* The task *
Extract from the entries below, exactly as given, only the lines from the line containing "土總統(tǒng)埃爾多安會(huì)見支持者 抱小萌娃與民眾打招呼" to the line containing "3. Add 1 CNAME", both lines included.

[Collected data entries]
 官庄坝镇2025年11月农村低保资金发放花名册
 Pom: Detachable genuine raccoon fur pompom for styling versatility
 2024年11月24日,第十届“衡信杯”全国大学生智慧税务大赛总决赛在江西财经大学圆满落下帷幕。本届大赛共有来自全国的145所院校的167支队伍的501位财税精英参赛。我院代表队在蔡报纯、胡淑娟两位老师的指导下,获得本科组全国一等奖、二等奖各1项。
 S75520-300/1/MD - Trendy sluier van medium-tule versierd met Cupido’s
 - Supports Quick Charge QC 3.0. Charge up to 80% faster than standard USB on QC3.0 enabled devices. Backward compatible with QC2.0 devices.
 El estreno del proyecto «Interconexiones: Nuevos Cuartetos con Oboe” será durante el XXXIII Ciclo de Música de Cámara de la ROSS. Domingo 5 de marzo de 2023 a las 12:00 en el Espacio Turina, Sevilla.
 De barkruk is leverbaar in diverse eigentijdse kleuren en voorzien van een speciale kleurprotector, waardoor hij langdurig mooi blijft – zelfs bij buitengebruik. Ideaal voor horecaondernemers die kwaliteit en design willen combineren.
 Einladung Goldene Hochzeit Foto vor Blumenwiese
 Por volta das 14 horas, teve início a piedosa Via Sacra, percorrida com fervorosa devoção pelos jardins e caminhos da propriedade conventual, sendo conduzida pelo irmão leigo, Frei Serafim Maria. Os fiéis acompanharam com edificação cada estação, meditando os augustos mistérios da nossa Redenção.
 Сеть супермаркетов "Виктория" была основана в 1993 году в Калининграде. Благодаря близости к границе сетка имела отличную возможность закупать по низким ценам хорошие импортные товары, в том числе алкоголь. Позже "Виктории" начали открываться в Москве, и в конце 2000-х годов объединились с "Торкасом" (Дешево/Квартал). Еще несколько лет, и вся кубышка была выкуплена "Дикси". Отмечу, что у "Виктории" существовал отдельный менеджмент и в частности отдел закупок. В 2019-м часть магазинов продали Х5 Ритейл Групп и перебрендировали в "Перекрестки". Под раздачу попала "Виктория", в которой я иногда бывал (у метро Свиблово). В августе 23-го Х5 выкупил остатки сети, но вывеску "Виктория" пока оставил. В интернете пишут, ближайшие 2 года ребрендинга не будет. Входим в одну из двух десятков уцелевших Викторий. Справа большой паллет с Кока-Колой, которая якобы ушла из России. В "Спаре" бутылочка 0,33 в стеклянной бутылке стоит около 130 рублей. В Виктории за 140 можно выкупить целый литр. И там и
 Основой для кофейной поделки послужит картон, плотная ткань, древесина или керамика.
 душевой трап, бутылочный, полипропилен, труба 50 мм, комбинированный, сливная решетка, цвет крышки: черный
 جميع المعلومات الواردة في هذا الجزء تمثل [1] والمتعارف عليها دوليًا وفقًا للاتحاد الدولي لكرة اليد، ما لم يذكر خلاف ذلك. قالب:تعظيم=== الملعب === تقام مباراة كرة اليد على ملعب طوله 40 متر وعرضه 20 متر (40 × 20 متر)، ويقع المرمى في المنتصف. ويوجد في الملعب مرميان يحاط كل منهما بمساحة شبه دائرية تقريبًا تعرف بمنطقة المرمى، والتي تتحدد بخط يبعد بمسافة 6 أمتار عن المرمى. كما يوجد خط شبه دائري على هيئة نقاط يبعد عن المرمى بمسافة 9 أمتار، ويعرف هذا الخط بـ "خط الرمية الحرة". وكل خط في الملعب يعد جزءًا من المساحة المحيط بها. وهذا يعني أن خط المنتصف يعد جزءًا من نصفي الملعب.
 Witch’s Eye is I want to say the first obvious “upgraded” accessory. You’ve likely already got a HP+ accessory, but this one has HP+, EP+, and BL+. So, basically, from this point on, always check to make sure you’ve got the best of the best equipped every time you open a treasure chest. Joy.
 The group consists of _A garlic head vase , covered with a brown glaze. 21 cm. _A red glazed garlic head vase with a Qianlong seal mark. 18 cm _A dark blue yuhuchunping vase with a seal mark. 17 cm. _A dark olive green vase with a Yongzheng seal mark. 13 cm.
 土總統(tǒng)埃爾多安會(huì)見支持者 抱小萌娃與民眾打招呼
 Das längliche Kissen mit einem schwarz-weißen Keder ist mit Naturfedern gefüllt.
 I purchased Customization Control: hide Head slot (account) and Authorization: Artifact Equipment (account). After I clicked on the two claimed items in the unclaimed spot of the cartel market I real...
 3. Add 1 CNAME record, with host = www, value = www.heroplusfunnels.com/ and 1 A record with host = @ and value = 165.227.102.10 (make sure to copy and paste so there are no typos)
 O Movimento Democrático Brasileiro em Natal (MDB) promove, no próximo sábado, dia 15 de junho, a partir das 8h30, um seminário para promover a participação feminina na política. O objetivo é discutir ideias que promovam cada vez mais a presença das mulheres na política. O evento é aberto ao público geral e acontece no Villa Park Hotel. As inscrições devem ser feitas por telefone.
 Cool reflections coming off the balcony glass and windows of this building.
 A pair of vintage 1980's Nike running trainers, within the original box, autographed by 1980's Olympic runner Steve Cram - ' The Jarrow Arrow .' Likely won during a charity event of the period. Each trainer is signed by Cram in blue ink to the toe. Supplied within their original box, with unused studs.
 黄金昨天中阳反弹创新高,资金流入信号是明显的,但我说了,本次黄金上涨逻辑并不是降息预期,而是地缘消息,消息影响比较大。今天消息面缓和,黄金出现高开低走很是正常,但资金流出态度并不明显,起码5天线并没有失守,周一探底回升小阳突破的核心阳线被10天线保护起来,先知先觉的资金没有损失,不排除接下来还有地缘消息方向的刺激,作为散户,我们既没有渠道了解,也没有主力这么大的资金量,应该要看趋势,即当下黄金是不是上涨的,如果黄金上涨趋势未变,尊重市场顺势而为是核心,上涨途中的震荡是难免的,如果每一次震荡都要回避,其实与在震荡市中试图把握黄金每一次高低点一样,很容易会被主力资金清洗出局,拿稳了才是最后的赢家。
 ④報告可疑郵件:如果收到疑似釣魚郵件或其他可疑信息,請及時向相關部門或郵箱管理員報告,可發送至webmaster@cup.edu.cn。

* Answer to the exercise *
 土總統(tǒng)埃爾多安會(huì)見支持者 抱小萌娃與民眾打招呼
 Das längliche Kissen mit einem schwarz-weißen Keder ist mit Naturfedern gefüllt.
 I purchased Customization Control: hide Head slot (account) and Authorization: Artifact Equipment (account). After I clicked on the two claimed items in the unclaimed spot of the cartel market I real...
 3. Add 1 CNAME record, with host = www, value = www.heroplusfunnels.com/ and 1 A record with host = @ and value = 165.227.102.10 (make sure to copy and paste so there are no typos)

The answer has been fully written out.